◆ **EXTRACTED ENTRIES**
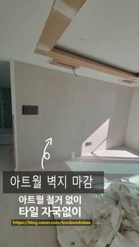 거실 아트월 타일 벽면 철거 (추가공사 x ) 벽지 마감
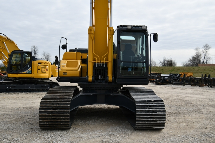 RENTAL UNIT ONLY - CALL FOR RENTAL RATES. Cab with A/C, Hino J08EVV 252HP T4f diesel, 31.5" pads, 25 10" stick, 63' 1" digging reach, 48' 10" dig depth, pattern changer, air ride heated suspension seat, belly pans, work lights, 77,500 lbs. (Stock #KOB512)
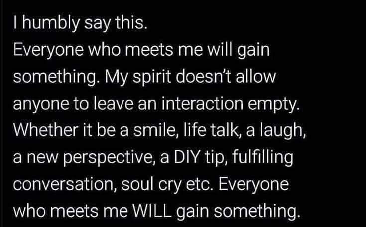 We touched on this a little in the last post. We should endeavor to bring something to the lives of everyone we touch. It could be just lending an ear to someone who never feels heard. One of the best things we can do these days is offer an uplifting and encouraging message to everyone. The world seems in dire need of such things. There are few universal truths in the world. I think wanting to bring something to the life of everyone we meet is one of them.
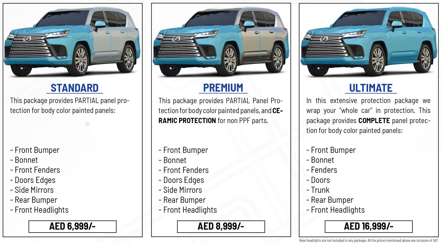 All packages come with 10 years of PPF warranty*, Free fabric/leather protection & after care cleaning kit.
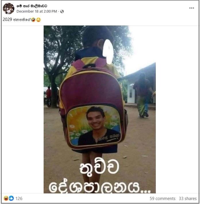 ‘2029 ජනපතිගේ’ යන තේමාවෙන් පසුගිය දෙසැම්බර් 18 වැනිදා පළ කර ඇති මෙම සටහන මගින් පෙන්වා දෙන්නේ මන්ත්රී නාමල් රාජපක්ෂගේ රුව සහිත බෑගයක්, කුඩා දරුවෙකු කරේ එල්ලා ගෙන සිටින ආකාරයක්.
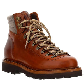 Brunello Cucinelli Mens Pebbled Leather Brown Shearling Boots
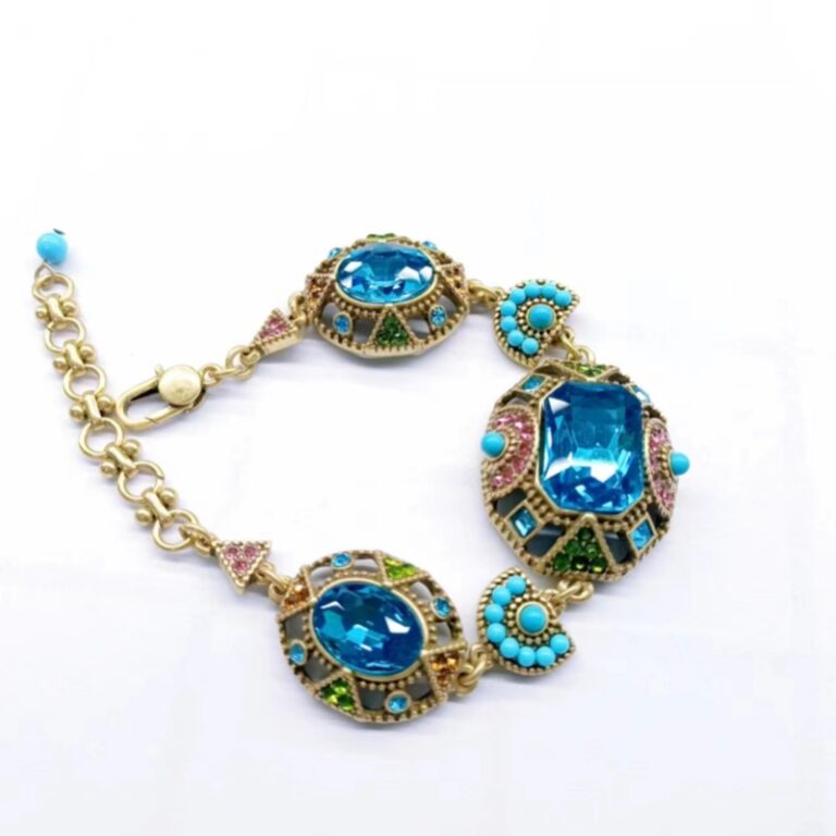 Vintage Gilded Sapphire Enamel Bracelet (Bohemian Multi-Gem Decor Style)
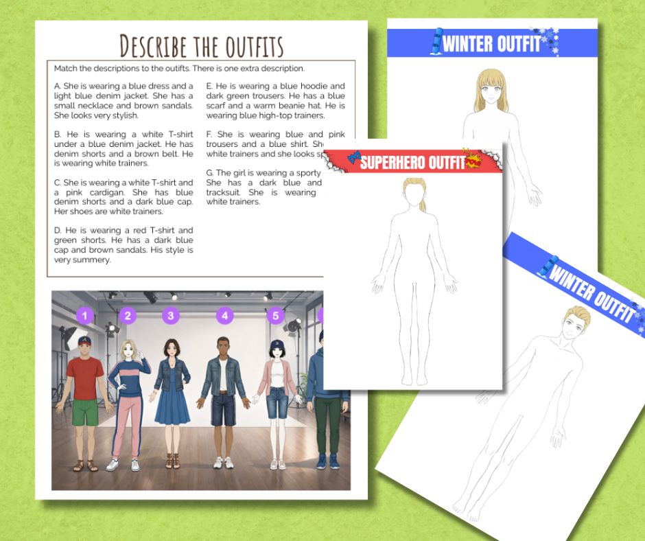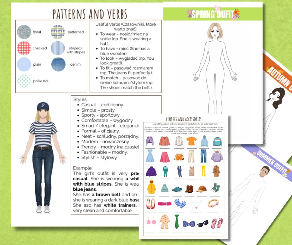 Obudź kreatywność w swoich uczniach i dzieciach! Ten zestaw to idealne narzędzie dla każdego, kto marzy o świecie mody. Zestaw zawiera przygotowane bazy (szablony) sylwetek męskich i żeńskich, które stanowią idealny fundament do tworzenia własnych kolekcji ubrań. Uczniowie nie tylko tworzą outfity, ale również wypowiedzi co ich modele mają na sobie. Używają konstrukcji Present Continuous oraz słownictwa CLOTHES AND ACCESSORIES.

◆ **WORK ITEM**
Omit the images; transcribe the listing verbatim.

◆ **EXERCISE SOLUTION**
 거실 아트월 타일 벽면 철거 (추가공사 x ) 벽지 마감
 RENTAL UNIT ONLY - CALL FOR RENTAL RATES. Cab with A/C, Hino J08EVV 252HP T4f diesel, 31.5" pads, 25 10" stick, 63' 1" digging reach, 48' 10" dig depth, pattern changer, air ride heated suspension seat, belly pans, work lights, 77,500 lbs. (Stock #KOB512)
 We touched on this a little in the last post. We should endeavor to bring something to the lives of everyone we touch. It could be just lending an ear to someone who never feels heard. One of the best things we can do these days is offer an uplifting and encouraging message to everyone. The world seems in dire need of such things. There are few universal truths in the world. I think wanting to bring something to the life of everyone we meet is one of them.
 All packages come with 10 years of PPF warranty*, Free fabric/leather protection & after care cleaning kit.
 ‘2029 ජනපතිගේ’ යන තේමාවෙන් පසුගිය දෙසැම්බර් 18 වැනිදා පළ කර ඇති මෙම සටහන මගින් පෙන්වා දෙන්නේ මන්ත්රී නාමල් රාජපක්ෂගේ රුව සහිත බෑගයක්, කුඩා දරුවෙකු කරේ එල්ලා ගෙන සිටින ආකාරයක්.
 Brunello Cucinelli Mens Pebbled Leather Brown Shearling Boots
 Vintage Gilded Sapphire Enamel Bracelet (Bohemian Multi-Gem Decor Style)
 Obudź kreatywność w swoich uczniach i dzieciach! Ten zestaw to idealne narzędzie dla każdego, kto marzy o świecie mody. Zestaw zawiera przygotowane bazy (szablony) sylwetek męskich i żeńskich, które stanowią idealny fundament do tworzenia własnych kolekcji ubrań. Uczniowie nie tylko tworzą outfity, ale również wypowiedzi co ich modele mają na sobie. Używają konstrukcji Present Continuous oraz słownictwa CLOTHES AND ACCESSORIES.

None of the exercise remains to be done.